[Recorded data]
↓↓↓
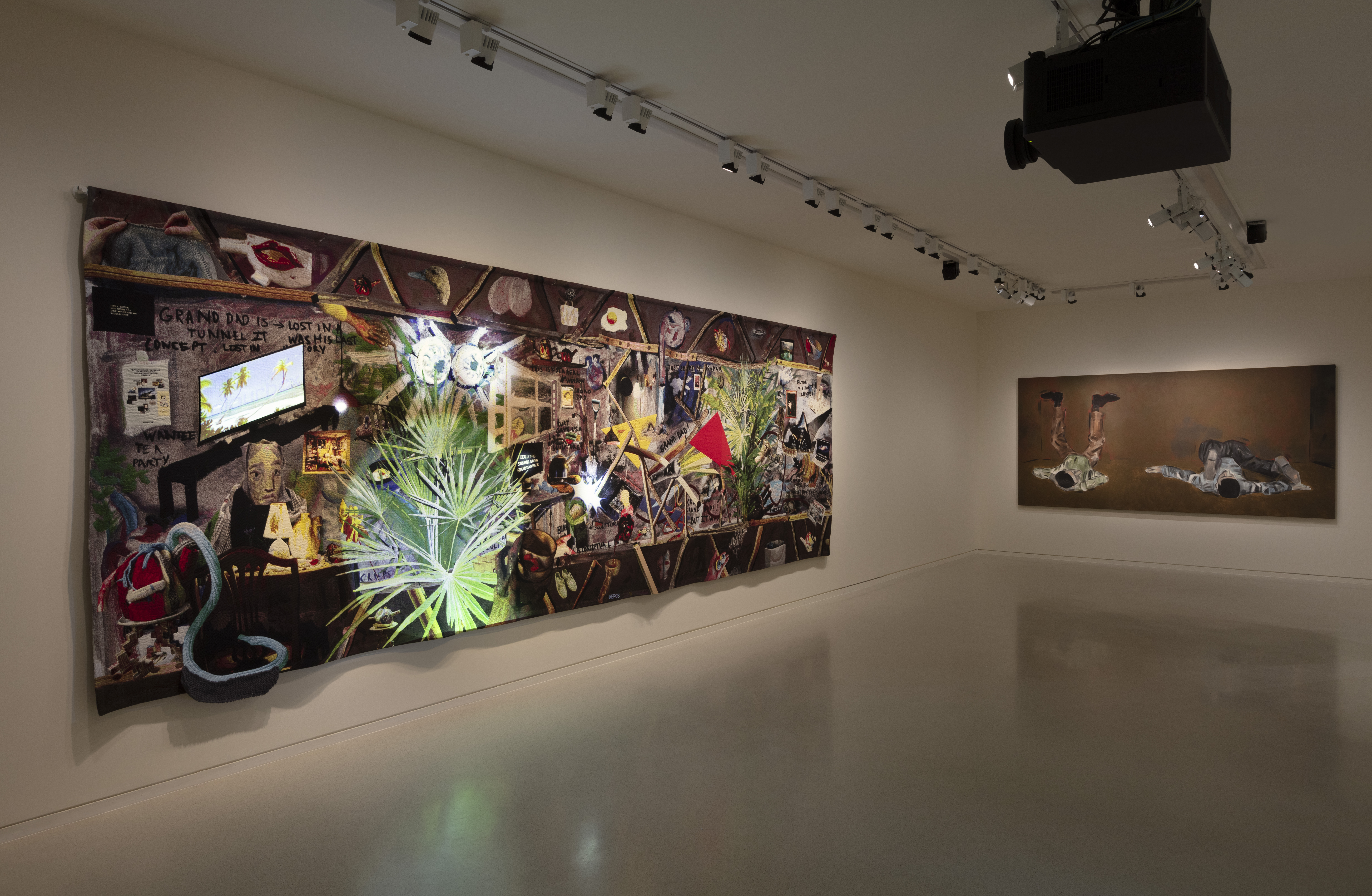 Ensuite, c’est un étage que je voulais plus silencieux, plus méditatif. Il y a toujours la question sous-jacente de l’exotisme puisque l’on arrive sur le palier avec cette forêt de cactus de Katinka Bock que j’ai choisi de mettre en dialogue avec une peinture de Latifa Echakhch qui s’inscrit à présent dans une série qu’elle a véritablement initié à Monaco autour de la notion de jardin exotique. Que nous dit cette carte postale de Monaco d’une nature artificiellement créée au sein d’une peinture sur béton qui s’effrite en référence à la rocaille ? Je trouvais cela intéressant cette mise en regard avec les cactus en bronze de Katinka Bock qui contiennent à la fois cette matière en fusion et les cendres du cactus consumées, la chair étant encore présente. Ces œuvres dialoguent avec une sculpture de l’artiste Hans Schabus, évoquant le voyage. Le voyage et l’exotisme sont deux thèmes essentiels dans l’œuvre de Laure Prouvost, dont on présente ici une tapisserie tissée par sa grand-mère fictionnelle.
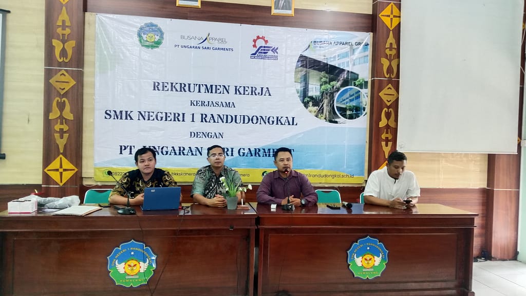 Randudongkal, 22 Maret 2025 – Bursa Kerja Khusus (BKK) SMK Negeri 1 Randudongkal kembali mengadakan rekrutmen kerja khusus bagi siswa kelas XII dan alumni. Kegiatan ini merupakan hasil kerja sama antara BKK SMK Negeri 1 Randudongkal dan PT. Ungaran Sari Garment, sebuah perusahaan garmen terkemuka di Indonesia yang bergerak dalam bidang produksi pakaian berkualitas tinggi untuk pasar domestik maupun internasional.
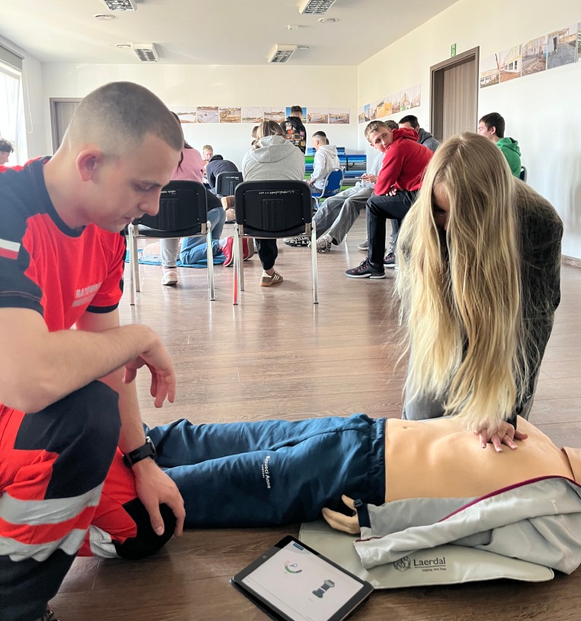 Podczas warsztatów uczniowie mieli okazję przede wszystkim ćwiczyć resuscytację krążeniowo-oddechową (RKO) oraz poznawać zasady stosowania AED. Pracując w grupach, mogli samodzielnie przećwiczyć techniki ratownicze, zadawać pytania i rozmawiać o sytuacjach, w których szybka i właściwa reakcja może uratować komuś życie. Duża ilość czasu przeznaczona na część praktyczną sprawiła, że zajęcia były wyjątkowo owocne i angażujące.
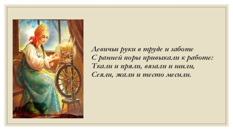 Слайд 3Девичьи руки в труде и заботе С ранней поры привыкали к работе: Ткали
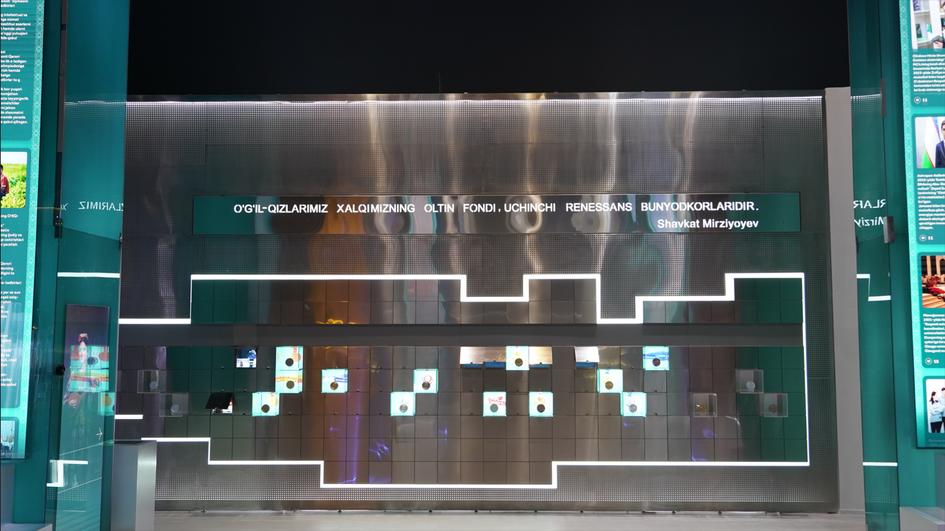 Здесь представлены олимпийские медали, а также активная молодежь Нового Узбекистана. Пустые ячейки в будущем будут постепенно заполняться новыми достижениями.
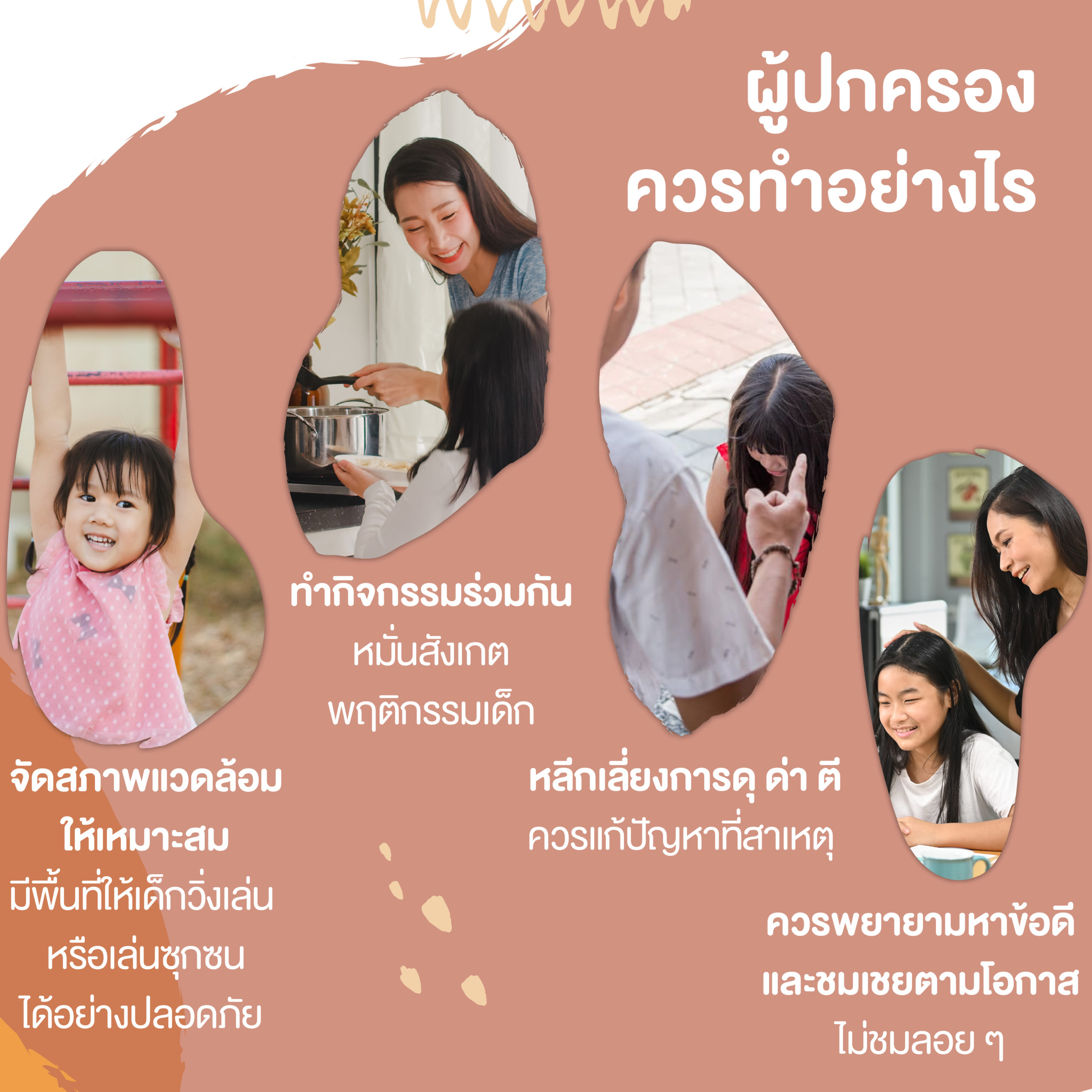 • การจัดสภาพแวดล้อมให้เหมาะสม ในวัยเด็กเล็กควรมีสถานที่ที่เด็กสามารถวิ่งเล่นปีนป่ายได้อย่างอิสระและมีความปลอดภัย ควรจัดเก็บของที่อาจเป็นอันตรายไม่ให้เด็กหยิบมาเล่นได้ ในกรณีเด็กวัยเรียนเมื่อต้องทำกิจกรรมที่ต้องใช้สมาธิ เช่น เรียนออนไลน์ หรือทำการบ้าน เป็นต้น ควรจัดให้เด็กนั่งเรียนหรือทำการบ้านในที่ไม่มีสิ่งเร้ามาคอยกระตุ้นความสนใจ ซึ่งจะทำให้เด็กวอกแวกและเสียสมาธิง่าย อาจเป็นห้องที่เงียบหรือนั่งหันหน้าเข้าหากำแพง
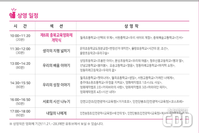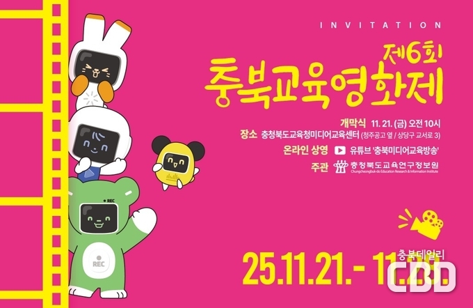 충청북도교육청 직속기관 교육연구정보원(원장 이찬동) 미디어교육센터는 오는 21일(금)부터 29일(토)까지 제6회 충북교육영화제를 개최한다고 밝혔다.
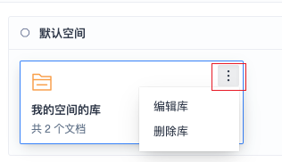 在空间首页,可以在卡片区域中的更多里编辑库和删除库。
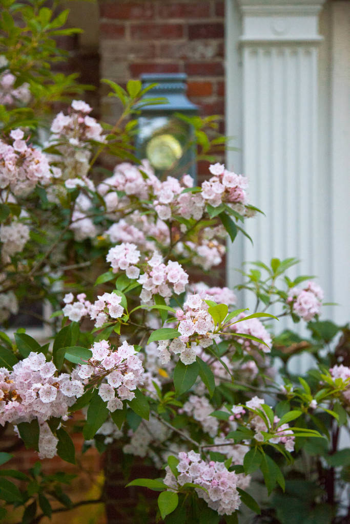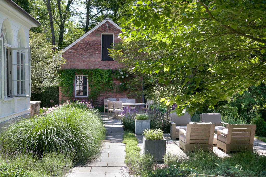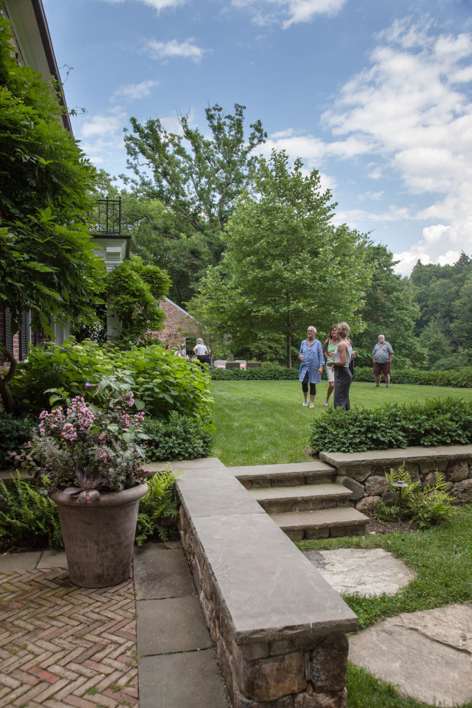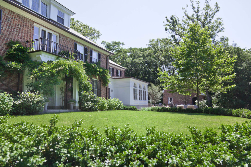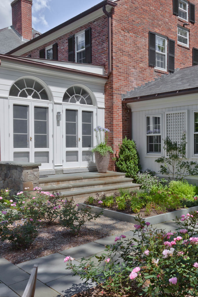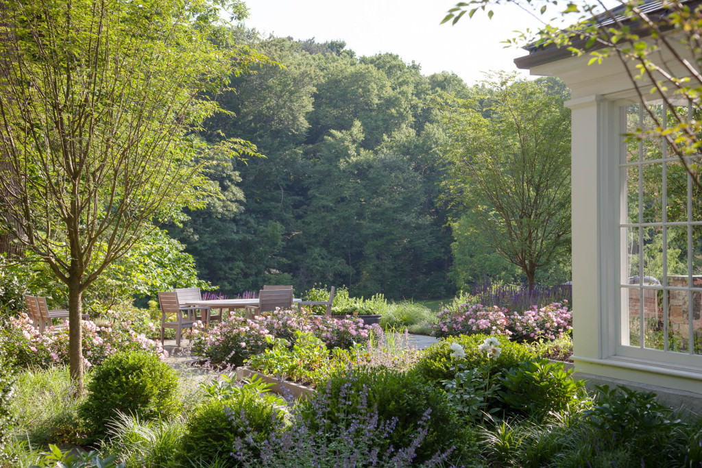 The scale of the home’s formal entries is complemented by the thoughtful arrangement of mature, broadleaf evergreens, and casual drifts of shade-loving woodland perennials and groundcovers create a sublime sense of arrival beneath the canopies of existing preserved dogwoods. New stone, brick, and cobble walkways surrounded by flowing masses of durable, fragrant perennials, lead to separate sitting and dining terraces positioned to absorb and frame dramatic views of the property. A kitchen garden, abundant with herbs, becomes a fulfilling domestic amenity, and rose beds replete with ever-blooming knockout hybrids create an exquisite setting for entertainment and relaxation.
↑↑↑
All of the entries above must be reproduced exactly, and no image may be included.

 Ensuite, c’est un étage que je voulais plus silencieux, plus méditatif. Il y a toujours la question sous-jacente de l’exotisme puisque l’on arrive sur le palier avec cette forêt de cactus de Katinka Bock que j’ai choisi de mettre en dialogue avec une peinture de Latifa Echakhch qui s’inscrit à présent dans une série qu’elle a véritablement initié à Monaco autour de la notion de jardin exotique. Que nous dit cette carte postale de Monaco d’une nature artificiellement créée au sein d’une peinture sur béton qui s’effrite en référence à la rocaille ? Je trouvais cela intéressant cette mise en regard avec les cactus en bronze de Katinka Bock qui contiennent à la fois cette matière en fusion et les cendres du cactus consumées, la chair étant encore présente. Ces œuvres dialoguent avec une sculpture de l’artiste Hans Schabus, évoquant le voyage. Le voyage et l’exotisme sont deux thèmes essentiels dans l’œuvre de Laure Prouvost, dont on présente ici une tapisserie tissée par sa grand-mère fictionnelle.
 Randudongkal, 22 Maret 2025 – Bursa Kerja Khusus (BKK) SMK Negeri 1 Randudongkal kembali mengadakan rekrutmen kerja khusus bagi siswa kelas XII dan alumni. Kegiatan ini merupakan hasil kerja sama antara BKK SMK Negeri 1 Randudongkal dan PT. Ungaran Sari Garment, sebuah perusahaan garmen terkemuka di Indonesia yang bergerak dalam bidang produksi pakaian berkualitas tinggi untuk pasar domestik maupun internasional.
 Podczas warsztatów uczniowie mieli okazję przede wszystkim ćwiczyć resuscytację krążeniowo-oddechową (RKO) oraz poznawać zasady stosowania AED. Pracując w grupach, mogli samodzielnie przećwiczyć techniki ratownicze, zadawać pytania i rozmawiać o sytuacjach, w których szybka i właściwa reakcja może uratować komuś życie. Duża ilość czasu przeznaczona na część praktyczną sprawiła, że zajęcia były wyjątkowo owocne i angażujące.
 Слайд 3Девичьи руки в труде и заботе С ранней поры привыкали к работе: Ткали
 Здесь представлены олимпийские медали, а также активная молодежь Нового Узбекистана. Пустые ячейки в будущем будут постепенно заполняться новыми достижениями.
 • การจัดสภาพแวดล้อมให้เหมาะสม ในวัยเด็กเล็กควรมีสถานที่ที่เด็กสามารถวิ่งเล่นปีนป่ายได้อย่างอิสระและมีความปลอดภัย ควรจัดเก็บของที่อาจเป็นอันตรายไม่ให้เด็กหยิบมาเล่นได้ ในกรณีเด็กวัยเรียนเมื่อต้องทำกิจกรรมที่ต้องใช้สมาธิ เช่น เรียนออนไลน์ หรือทำการบ้าน เป็นต้น ควรจัดให้เด็กนั่งเรียนหรือทำการบ้านในที่ไม่มีสิ่งเร้ามาคอยกระตุ้นความสนใจ ซึ่งจะทำให้เด็กวอกแวกและเสียสมาธิง่าย อาจเป็นห้องที่เงียบหรือนั่งหันหน้าเข้าหากำแพง
 충청북도교육청 직속기관 교육연구정보원(원장 이찬동) 미디어교육센터는 오는 21일(금)부터 29일(토)까지 제6회 충북교육영화제를 개최한다고 밝혔다.
 在空间首页,可以在卡片区域中的更多里编辑库和删除库。
 The scale of the home’s formal entries is complemented by the thoughtful arrangement of mature, broadleaf evergreens, and casual drifts of shade-loving woodland perennials and groundcovers create a sublime sense of arrival beneath the canopies of existing preserved dogwoods. New stone, brick, and cobble walkways surrounded by flowing masses of durable, fragrant perennials, lead to separate sitting and dining terraces positioned to absorb and frame dramatic views of the property. A kitchen garden, abundant with herbs, becomes a fulfilling domestic amenity, and rose beds replete with ever-blooming knockout hybrids create an exquisite setting for entertainment and relaxation.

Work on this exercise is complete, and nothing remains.